Franchise mode has had notable changes because it is immediately apparent that there is no longer a calender system in place. This has the effect of not being able to schedule in practices before a game to improve specific players. Instead you jump between games which might appeal to some people in speeding up the game but equally so I can see a few diehard stats fans finding this a step backwards.

Superstar mode makes a return and has been changed somewhat in the implementation. Selecting a practice day for instance has little reward because your stats don’t improve, so it seems pointless. The mini camp drills are also now omitted which will annoy some of the hardcore fanbase.

The system hub has been altered and gamers will receive a constant update of league news being updated when you aren’t playing. There are injuries, trades and team signings as they happen and this will appeal to many people who love a real life style environment. There is now proper scheduling after the first year and all of the items of Franchise mode has been kept in place. Heck you can even design your own stadium and move your team location if you so wish.

To sweeten the deal there are two new modes of play – Online Co-Op and Online Franchise.
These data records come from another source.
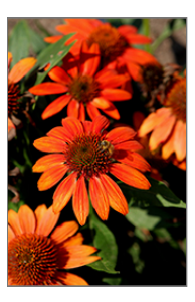
Sombrero Fiesta Orange Coneflower flowers

Sombrero Fiesta Orange Coneflower is an herbaceous perennial with an upright spreading habit of growth. Its medium texture blends into the garden, but can always be balanced by a couple of finer or coarser plants for an effective composition.
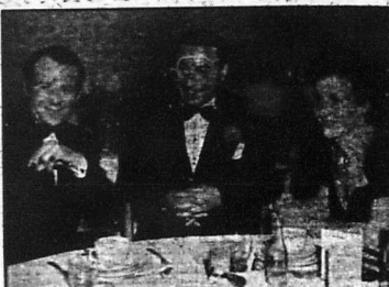
This happy what was taken between the sessions of the Joe Loss Band at the Grosvenor House. First Bill held last week in aid of the Royal Police Corps Association, and then with star John Mills and his play...
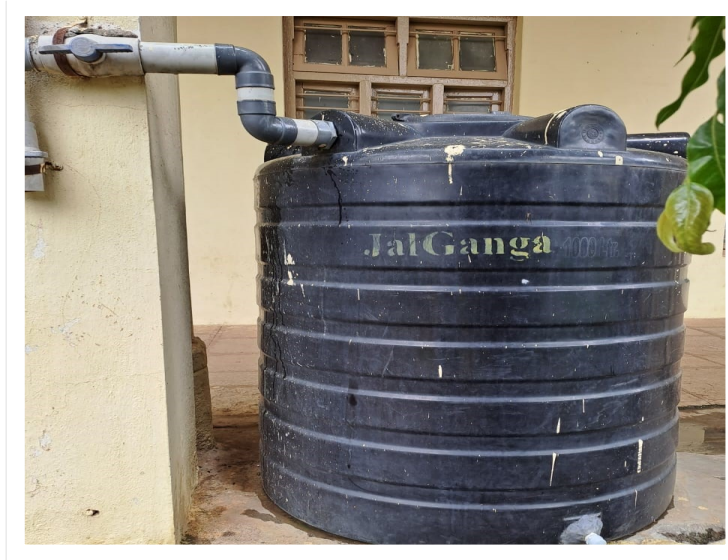
RAIN WATER COLLECTION TANK
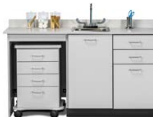
48060ML Shown with Optional -022 Sink
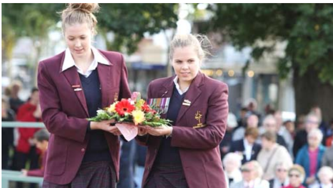
Students @ Camperdown
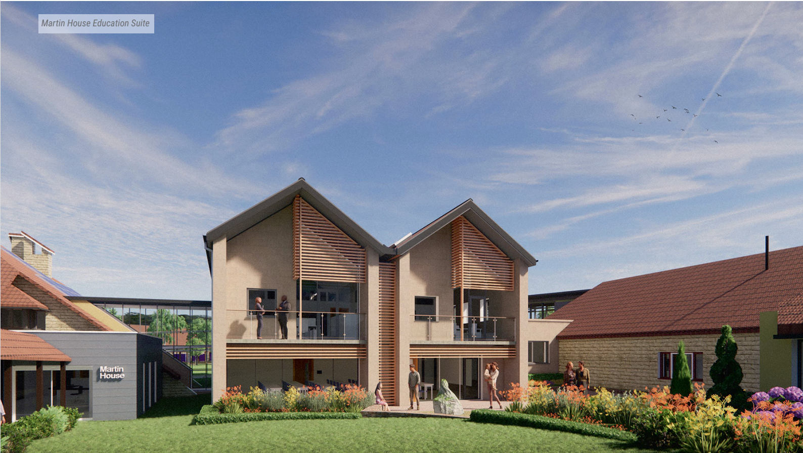
Martin House Education Suite

"As the whole construction is to be phased and carried out within a live site, requiring both staff and patients to be decanted within the existing building, it's going to be a challenging scheme but the end result will be worth the period of disruption."

Co-Op annoyed me in a few areas, particularly the slow moving camera which does not seem to be able to keep up with a fast moving defensive game. Online Franchise fares better because you can play with up to 31 friends and jump into a league and play through the seasons, just as you would offline with the AI opponents. You can trade with other players, draft players and do all the things you would do in a fantasy draft. Can you say ‘wow’?

Both console versions are great but there is an added feature that Electronic Arts are keen to promote, the fact that if you have both the PS3 and PSP versions of the game you can design custom plays on your handheld then upload them to the Playstation 3 later. Its a nice idea which is unfortunately a little clumsy in execution.

Graphically both Xbox and Playstation versions are very sophisticated and even with the minor issues mentioned earlier they are some of the finest graphics yet seen in a console sports game – the Xbox version seems to run slightly better but its possibly only a few frames per second when the action heats up. The character models are detailed and move very well on screen – the animations in particular really deserve a special mention as they are fluid and add a lot to the overall visual appeal. The audio commentary from Hammond and Colinsworth isn’t bad at all and it is a significant improvement over the previous years version.

Madden NFL10 deserves to sell well because if you are a sports fan then there is something to be playing here for a long time to come. It isn’t perfect, but the core gameplay is solid and there are plenty of modes and options to keep gamers entertained until next the release of NFL11. Most of the new touches improve the experience and while its not a radical enough change to cause an upset there is the age old saying that ‘if it ain’t broke don’t fix it’. EA have sensibly just refined many of the areas and have created one of the finest sports games this generation will enjoy, en masse.


Fantastic options all round, long term playability is guaranteed.
Very detailed character models and environmental details.
Good commentary and ambient effects.
Long term playability, especially with the polished online options.

Highly recommended to all American football sports fans.